SUZUKI GSR 750

SUSZUKI GSR 750 Burnout

Man sagt ja, man soll sich nicht in Dinge verlieben, die man reparieren muss. Wir sagen: Challenge accepted.

Die Suzuki GSR 750 kam gebraucht zu uns – mit mehr Macken als ein Teenager in der Pubertät. Umgefallen war sie auch schon. Der Tank hatte die Form einer Kartoffel, der Endtopf klang wie ein rostiger Laubbläser. Aber hey, Liebe ist bekanntlich blind – und manchmal auch taub.

Also wurde erstmal ausbeult, lackiert, geschraubt und geflucht. Der neue Endtopf? Sportlich. Die neue Folierung? Camouflage. Die Arbeit? Ein Albtraum.

Die Maske haben wir dreimal foliert – jedes Mal mit dem Gefühl, dass die Folie uns gleich die Scheidung einreicht. Felgen beklebt, Motorschutz montiert, Lichtmaske auf LED umgebaut – jetzt leuchtet sie wie ein UFO auf Speed. Wenn sie könnte, würde sie wahrscheinlich selbst abheben.

Mitten im Winter, alles fertig. 23 Uhr.
Fünf Monate lang nur gestreichelt, geputzt und mit Wattestäbchen gepflegt.
Dann die Frage: Starten oder Nachbarn schonen?
Antwort: Natürlich starten.
DB-Killer vergessen.
Sound? Orkanstufe 12.
Die Nachbarn? Wahrscheinlich mit Ohrstöpseln unter der Bettdecke.
Wir? Pippi in den Augen.
Das Biest lebt. Und es schreit.

Die erste Ausfahrt hätte eigentlich der große Moment werden sollen: Wir waren hochmotiviert, gaben ordentlich Gas und freuten uns darauf, das Biest endlich frei laufen zu lassen. Doch schon nach wenigen Kilometern bemerkten wir, dass uns die Zivilpolizei im Schlepptau hatte. Ganze 4,5 Kilometer folgten sie uns, beobachteten jeden Zug am Gasgriff und jede kreative Interpretation der Straßenverkehrsordnung. Am Ende standen drei Beamte vor uns, neun Vergehen auf dem Zettel und eine Videoanalyse, die unseren Fahrstil als „sportlich bis grenzwertig“ einstufte. Wir nennen es lieber Ausdruckstanz auf zwei Rädern. Die Strafe umfasste vier Seiten, der Betrag war vierstellig, und ja – der Lerneffekt war definitiv vorhanden. Unser Fahrstil? Sagen wir so: Er befindet sich weiterhin in einer sehr lebhaften Findungsphase.

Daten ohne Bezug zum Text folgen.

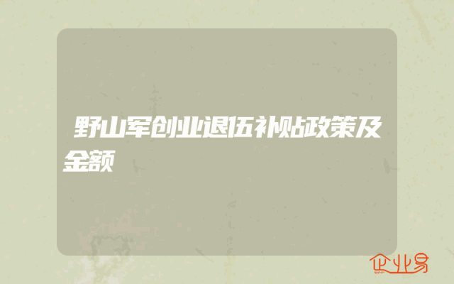 - 野山军创业退伍补贴政策及金额

Dann folgte die erste große Reise nach Kroatien. Die Maschine war beladen wie ein Kamel, wir steckten in der Lederkombi bei 40 Grad, und die Straßen boten Kurven, die süchtig machen. Trotz Schweiß, Hitze und Gepäck hatten wir ein Grinsen unter dem Helm, das selbst die Sonnencreme nicht wegwischen konnte. In solchen Momenten merkt man, wie schön das Leben sein kann – zumindest solange kein Blaulicht im Rückspiegel auftaucht. Und je weiter wir Richtung Küste rollten, desto klarer wurde uns, dass genau diese Mischung aus Freiheit, Wahnsinn und ein bisschen Selbstüberschätzung der Stoff ist, aus dem die besten Erinnerungen entstehen. Abends, völlig erledigt, aber glücklich, saßen wir dann am Meer, hörten das Knacken des abkühlenden Motors und wussten: Für solche Tage lohnt sich jede Schraube, jeder Tropfen Schweiß und jede noch so verrückte Idee

Die Suzuki GSR 750 ist im Grunde der ungezogene Cousin der GSX‑R: stark genug, um dich zu begeistern, unvernünftig genug, um dich finanziell zu ruinieren, und zuverlässig genug, um dich immer wieder positiv zu überraschen. Der Vierzylinder schreit, als hätte er ein Dauerabo im Fitnessstudio, und das Handling ist so agil wie ein Terrier auf Red Bull. Optisch macht sie mit unserer Camouflage‑Folie den Eindruck, als wäre sie bereit für einen militärischen Einsatz – oder zumindest für den Parkplatz vor dem Supermarkt. Ihr Charakter ist eine Mischung aus „Ich will Spaß“ und „Halt mal mein Bier“, und genau deshalb lieben wir sie.